* TASK
Everything in the data should be repeated exactly, save for the images.

* PROVIDED MATERIAL
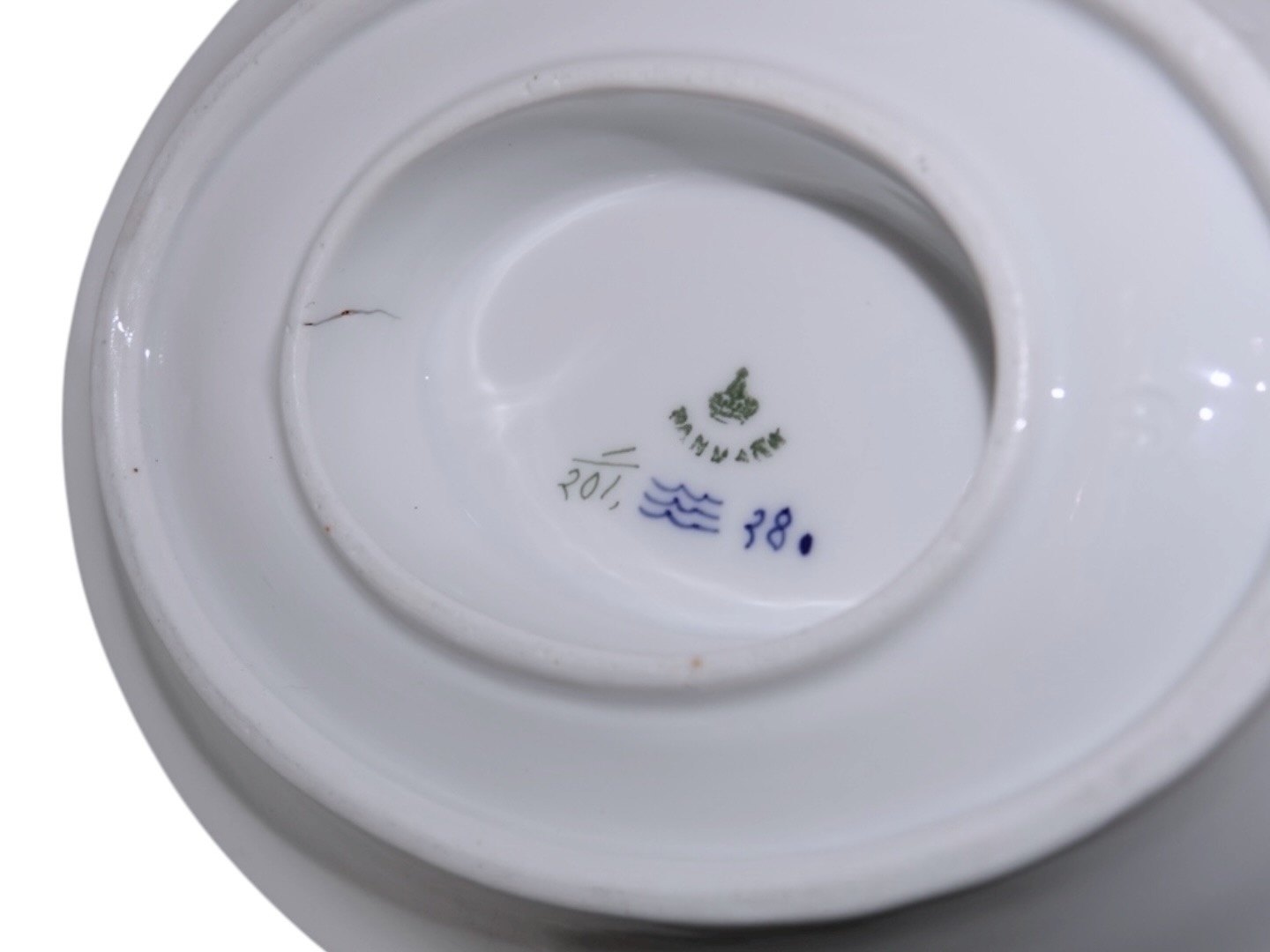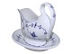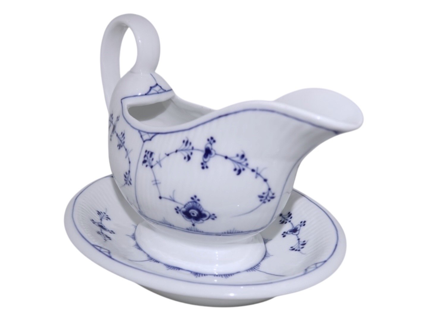 Beskrivelse: Royal Copenhagen Musselmalet Riflet sovseskål på fast underfad og med hank.
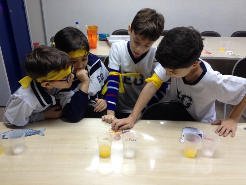 Com as turmas do Ensino Fundamental I, foi realizada uma dinâmica em que os alunos associavam os tipos e as quantidades de gordura a cada alimento apresentado.
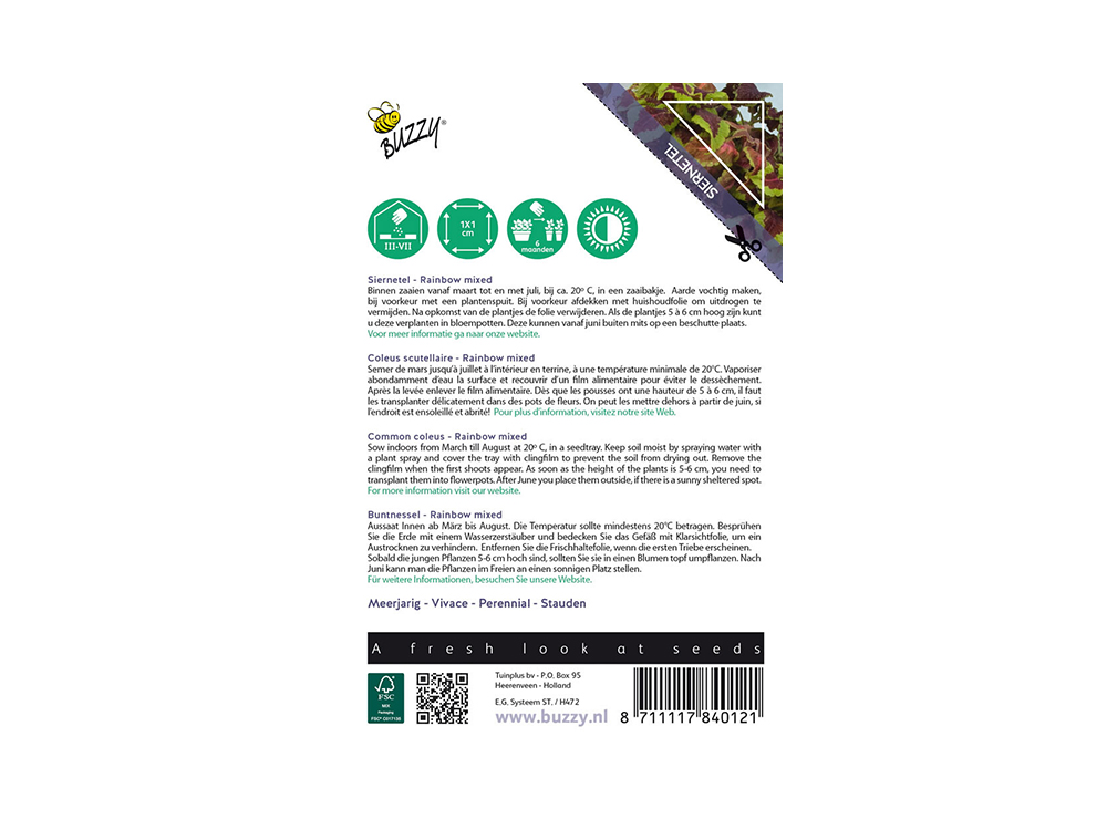 Kamerplant Coleus is vanaf maart tot en met juli op te kweken bij ca. 20 C in een zaaibakje of bloempot. Waneer de plantjes circa 5-8 cm groot zijn moet je uitplanten in grotere potten. Zo kan de siernetel optimaal blijven groeien. Bij te snelle groei knip je de toppen er best uit. Vermijd felle zon om verbranding van de bladeren te voorkomen.

* ANSWER FOR THE TASK
 Beskrivelse: Royal Copenhagen Musselmalet Riflet sovseskål på fast underfad og med hank.
 Com as turmas do Ensino Fundamental I, foi realizada uma dinâmica em que os alunos associavam os tipos e as quantidades de gordura a cada alimento apresentado.
 Kamerplant Coleus is vanaf maart tot en met juli op te kweken bij ca. 20 C in een zaaibakje of bloempot. Waneer de plantjes circa 5-8 cm groot zijn moet je uitplanten in grotere potten. Zo kan de siernetel optimaal blijven groeien. Bij te snelle groei knip je de toppen er best uit. Vermijd felle zon om verbranding van de bladeren te voorkomen.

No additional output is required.